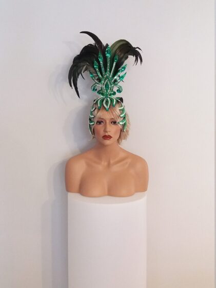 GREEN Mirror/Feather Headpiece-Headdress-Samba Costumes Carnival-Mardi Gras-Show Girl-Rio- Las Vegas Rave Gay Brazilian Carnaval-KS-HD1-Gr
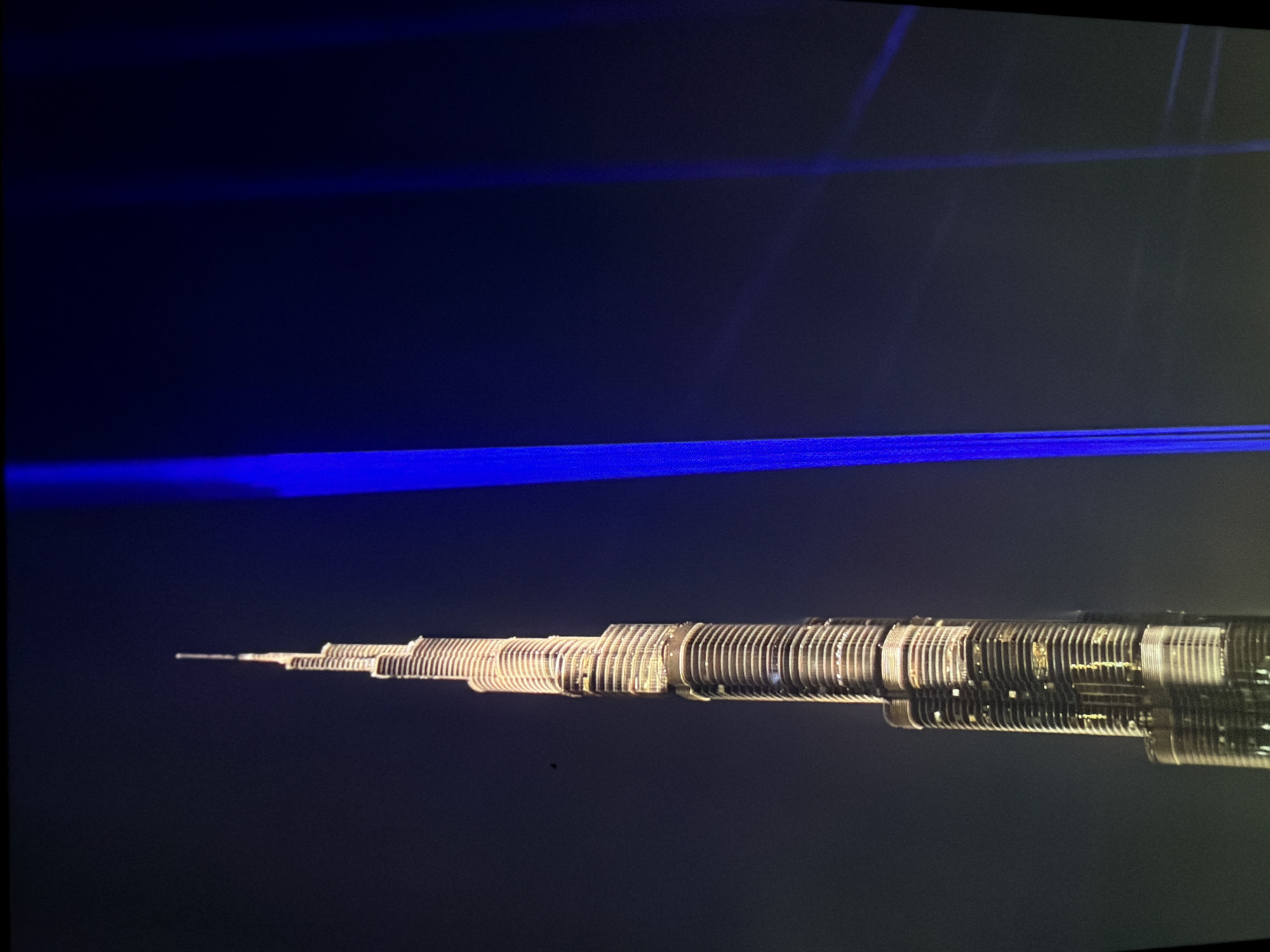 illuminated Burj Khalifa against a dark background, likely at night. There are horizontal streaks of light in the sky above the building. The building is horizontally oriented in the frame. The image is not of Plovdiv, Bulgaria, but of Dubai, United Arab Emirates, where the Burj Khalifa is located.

---

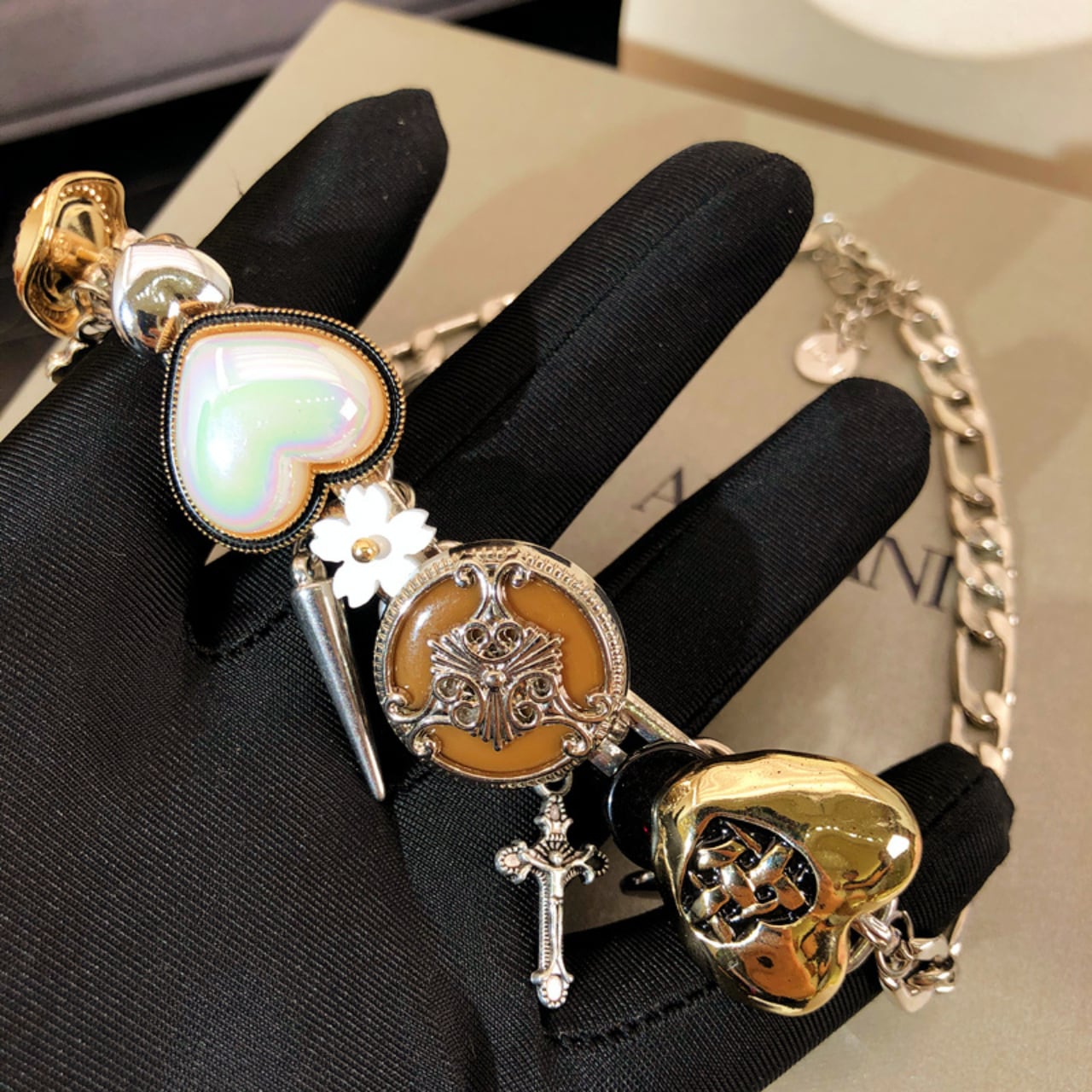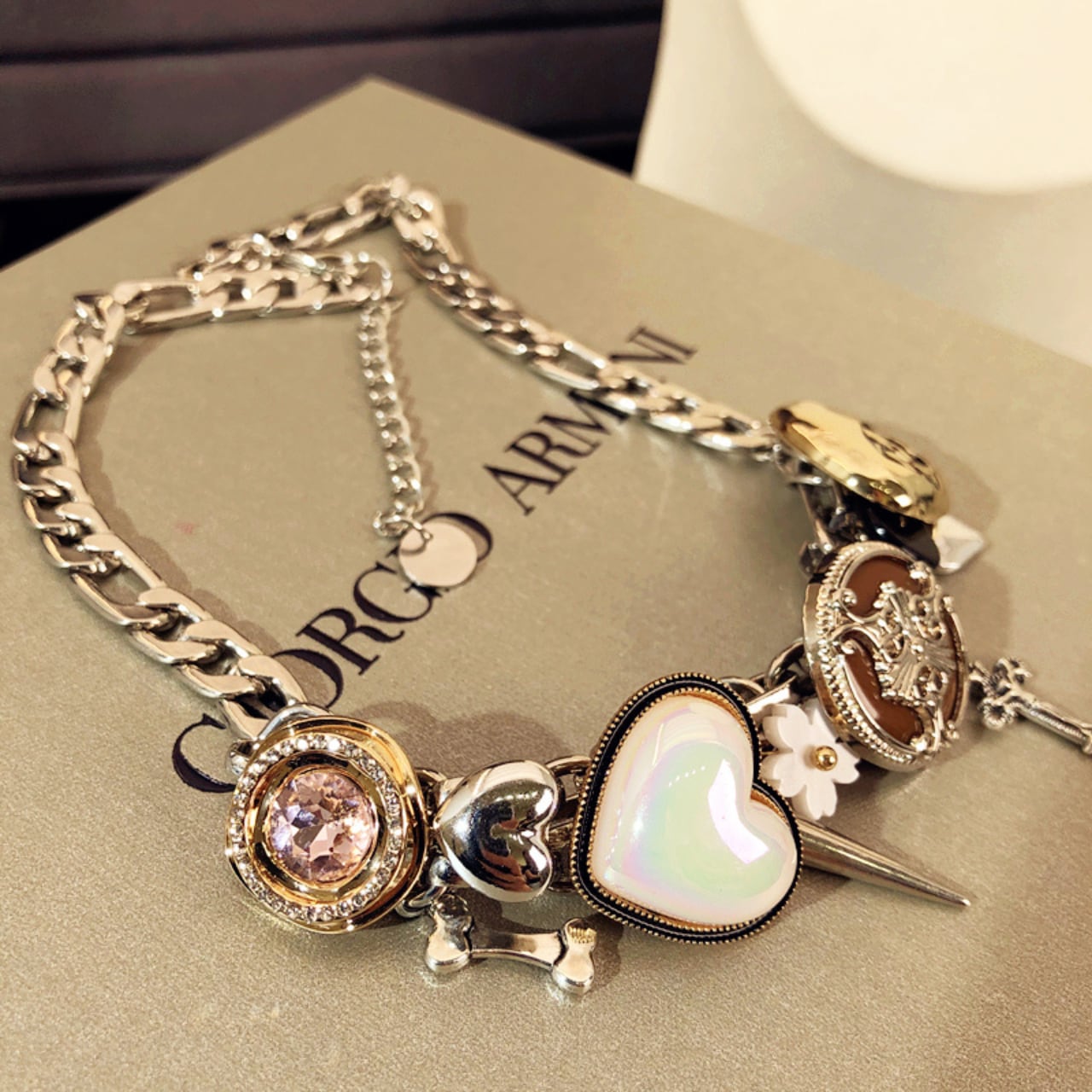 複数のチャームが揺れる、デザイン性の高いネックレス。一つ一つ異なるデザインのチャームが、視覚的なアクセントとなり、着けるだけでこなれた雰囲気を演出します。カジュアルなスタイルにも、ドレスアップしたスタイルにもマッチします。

* * *

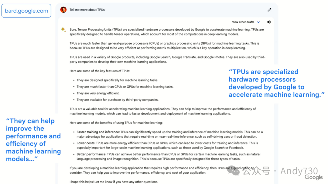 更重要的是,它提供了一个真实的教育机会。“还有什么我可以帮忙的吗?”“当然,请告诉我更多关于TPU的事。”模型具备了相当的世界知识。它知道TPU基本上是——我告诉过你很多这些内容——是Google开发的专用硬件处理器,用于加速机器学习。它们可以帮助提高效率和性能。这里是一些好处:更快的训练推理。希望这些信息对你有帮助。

WHAT IS BEING ASKED -
Write back word for word every line in the entries above from the one with "GREEN Mirror/Feather Headpiece-Headdress-Samba" to the one with "illuminated Burj Khalifa", ends included, and none of the pictures.

ANSWER TO THIS EXERCISE -
 GREEN Mirror/Feather Headpiece-Headdress-Samba Costumes Carnival-Mardi Gras-Show Girl-Rio- Las Vegas Rave Gay Brazilian Carnaval-KS-HD1-Gr
 illuminated Burj Khalifa against a dark background, likely at night. There are horizontal streaks of light in the sky above the building. The building is horizontally oriented in the frame. The image is not of Plovdiv, Bulgaria, but of Dubai, United Arab Emirates, where the Burj Khalifa is located.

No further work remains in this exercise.